The book serves two important reminders, which can also serve as a corrective to more extreme evaluations about the state of Chinese Buddhism. One such extreme is that Chinese Buddhism was moribund and dilapidated, and was dragged kicking and screaming into the modern era. The reality is that the Buddhist masters in this volume all identified serious issues within their home tradition, to the point that dramatic rethinking of what it meant to be a Buddhist was needed. Yet their responses and ideas—and most importantly, the example of their lives—constituted one of the most vibrant and important reforms of Chinese Buddhism at any point in history.

There was an acutely sensitive self-reflection and self-awareness on part of these masters, even as they preached a powerful “relational” attitude to the suffering world and an unstable China for their followers. Many of them had their own opinions about the preaching of Dharma. Some like Hongyi were naturally more charismatic and were called to grapple seriously with the issues plaguing Chinese Buddhism—such as broken ordination lineages—while others like Xuyun or Yinguang preferred to follow the old way of monastic seclusion, but the spirit of the times thrust them into the spotlight. Masters like Taixu laid the foundation for critical concepts like humanistic Buddhism, influencing masters like Yinshun, Cheng Yen, and Hsing Yun. New perspectives and exegeses of the tradition cover the entire range of Buddhist richness, from fidelity to the Vinaya and meditation and other forms of practice to philosophical concepts and theological teachings like the Pure Land and Buddha-nature.

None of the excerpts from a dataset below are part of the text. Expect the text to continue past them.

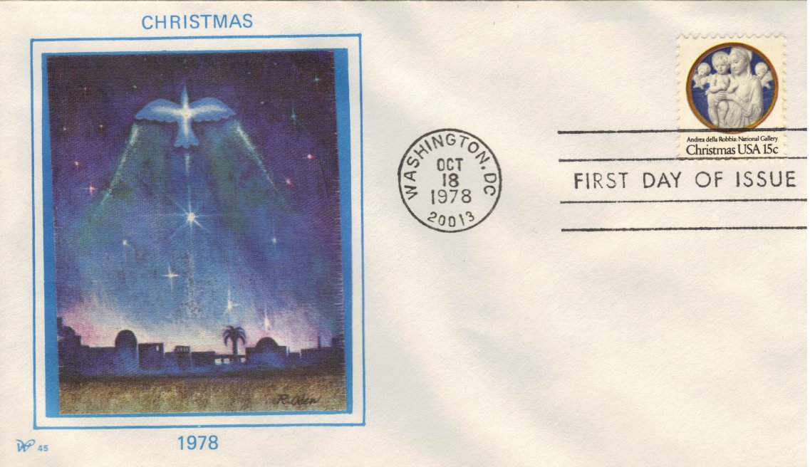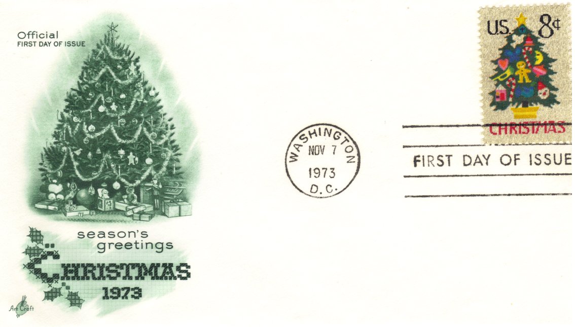 One further year and a more traditional cover. Again, I like the cachet and the artwork. There is no information on the other side of the envelope.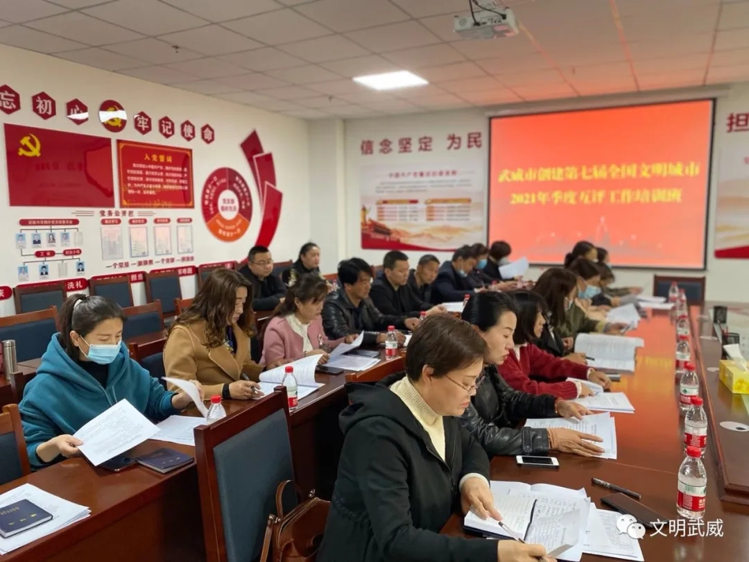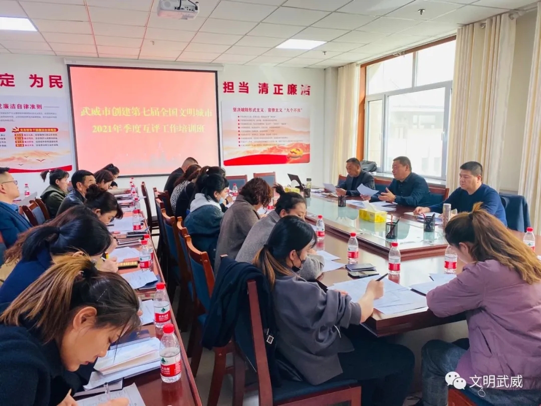 3月24日至25日, 市创城办举办了2021年季度互评工作培训班,标志着全市创建第七届全国文明城市街道季度互评工作正式拉开序幕。这次参训的对象来自进入考评人员库的凉州区7个街道办事处,主要由包抓共建单位干部、街道及社区创城专干、社区志愿者等组成,市、区创城办实地测评组全体人员同时参加了培训,共培训7场157人。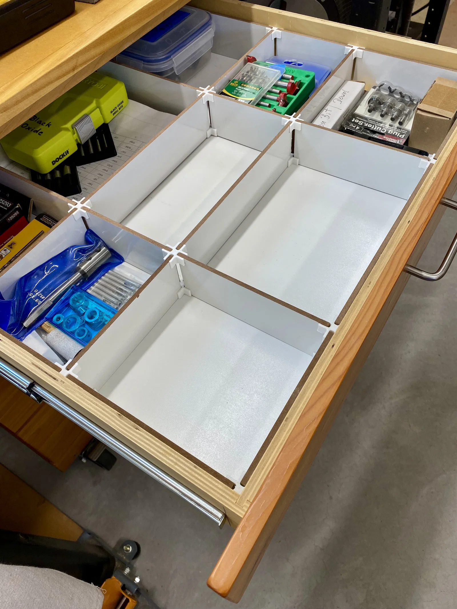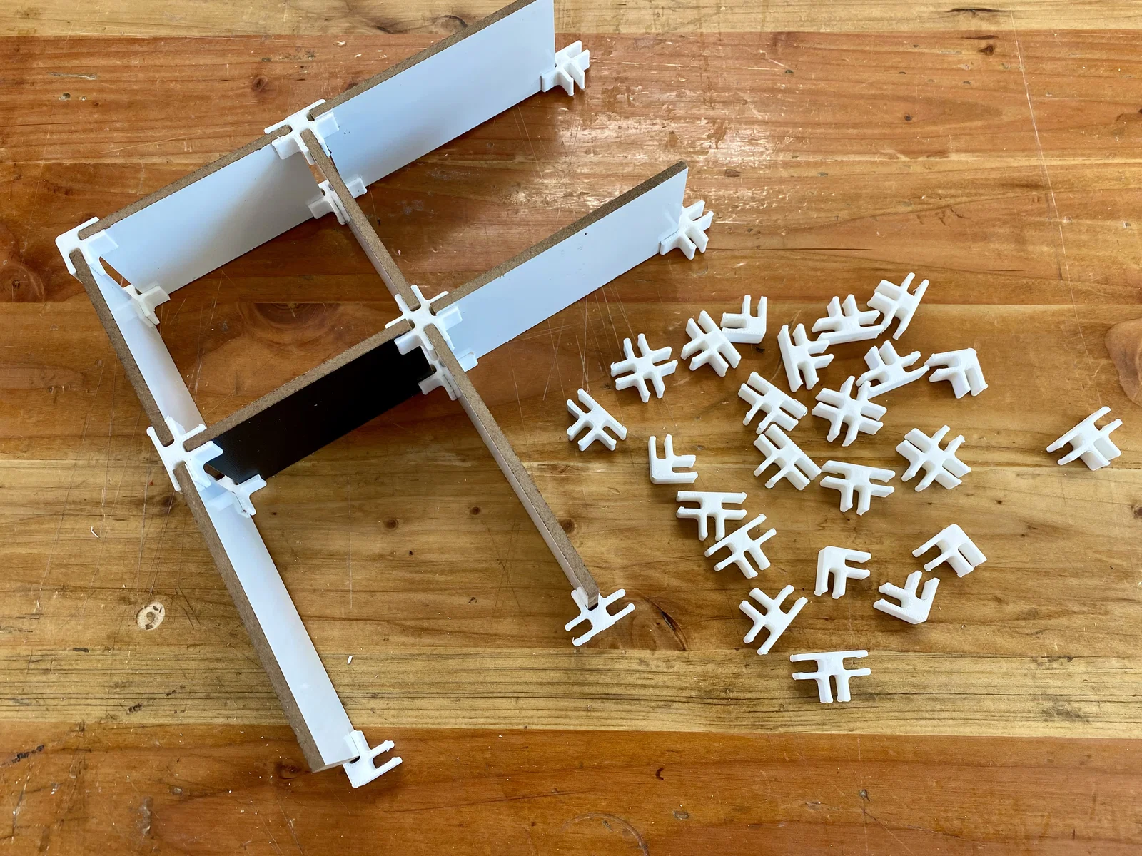 Các thanh chia ngăn kéo đơn giản được tạo bằng kẹp in 3D và tấm MDF trắng. Với 3 loại kẹp có hình dáng khác nhau cùng các tấm bảng có chiều dài tùy biến, bạn có thể tự do phân chia bất kỳ ngăn kéo nào theo vô vàn cách. Giải pháp này vừa rẻ, dễ thực hiện, cực kỳ linh hoạt lại còn rất hữu dụng! Xem thêm tại: https://www.instructables.com/Easy-Drawer-Dividers/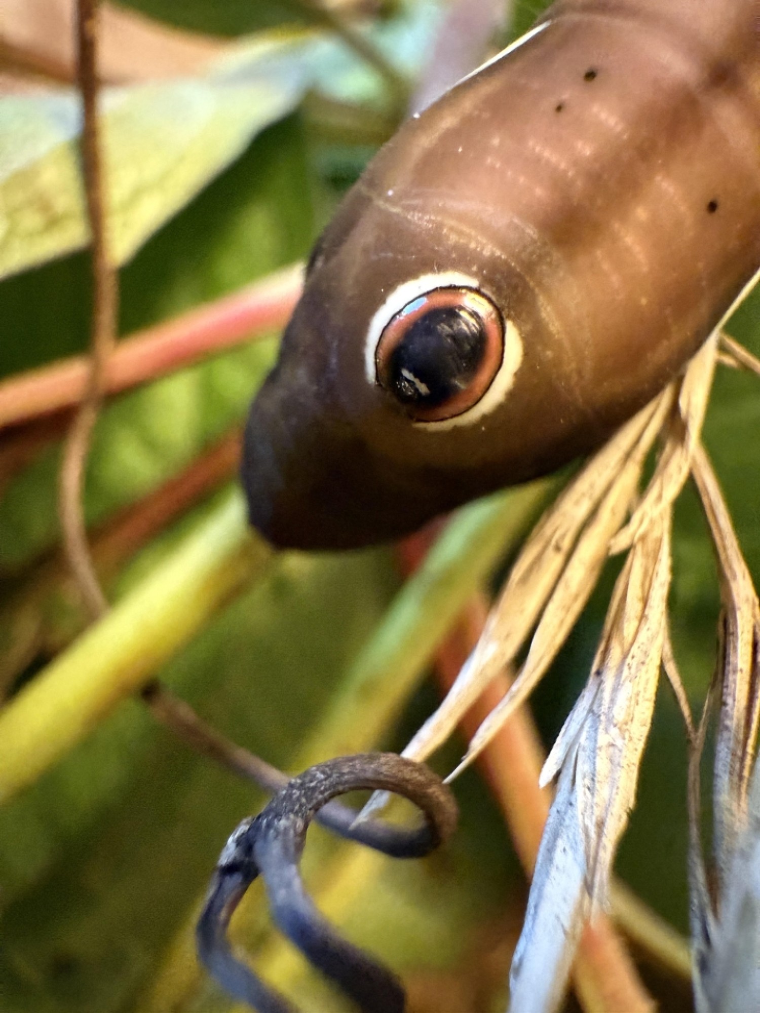 The false eye on a Pandora sphinx moth caterpillar serves as a defense mechanism; its size tricks predators into thinking the caterpillar is a larger creature. Pandora sphinx moth caterpillars can be found feeding on plants in the grape family.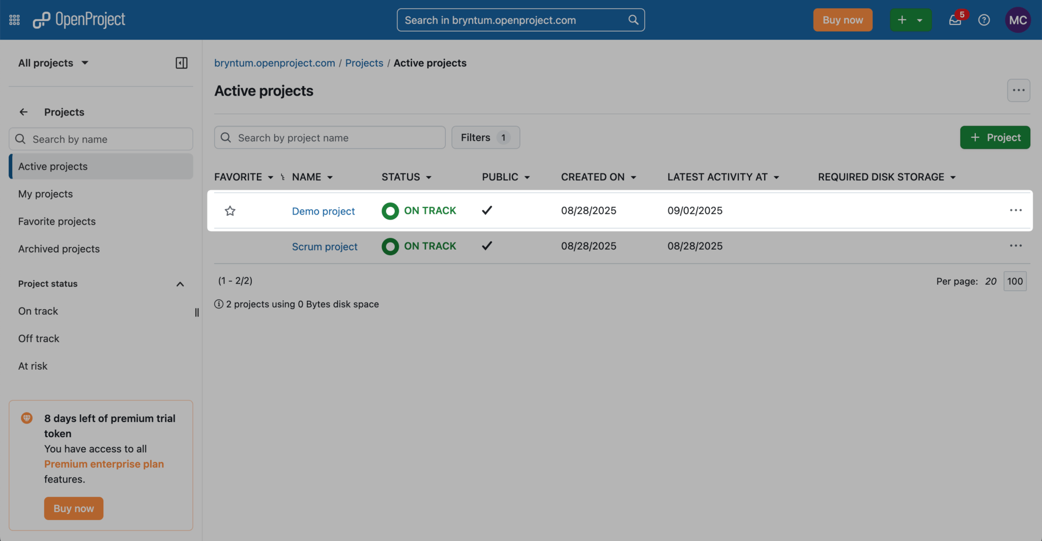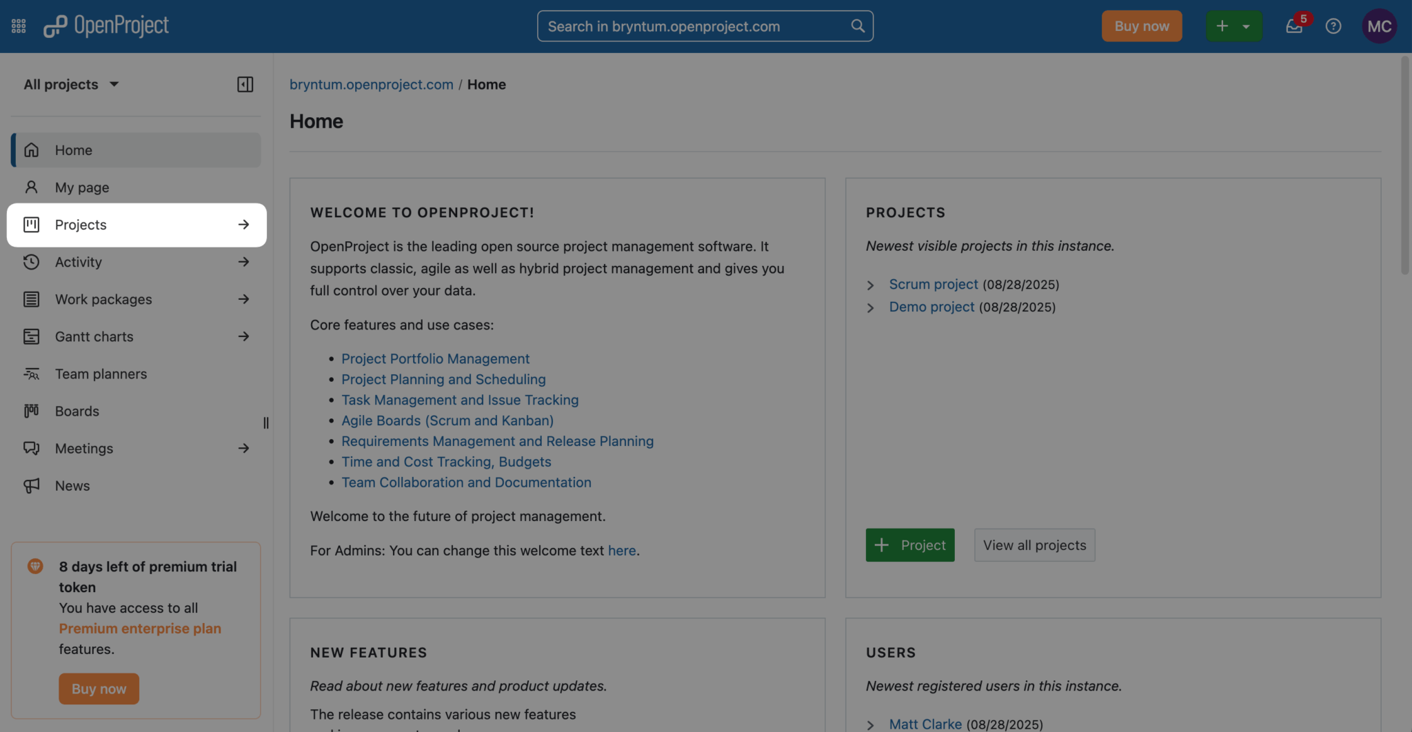 Now let’s create an OpenProject project. If you don’t have an OpenProject account, sign up for a 14-day free trial of the Basic plan, which includes cloud hosting and enterprise features. You can also use the free Community plan, which requires self-hosting.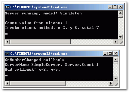 上面是服务端,下面是客户端。我们在调用server.DoSomething()方法时,触发了事件,所以调用了客户端的OnNumberChanged,产生了客户端的前两行输出;调用GetCount()时,客户端没有产生输出,服务端输出了“Count value from client:

Buddhist Masters of Modern China is essential reading for those that wish to understand the thinking behind some of the most important minds in the evolution of Chinese Mahayana Buddhism. The contributors’ excellent gathering and translation of these monastics’ legacies, many of them little-known or unheard of in English, will be particularly valuable to those that wish to understand the modern development and reforms of one of Buddhism’s largest and most influential traditions.

References

Benjamin Brose (ed.). 2025. Buddhist Masters of Modern China. Boulder, Colorado: Shambhala Publications.

William T. Rowe. China’s Last Empire: The Great Qing. Cambridge: Cambridge University Press.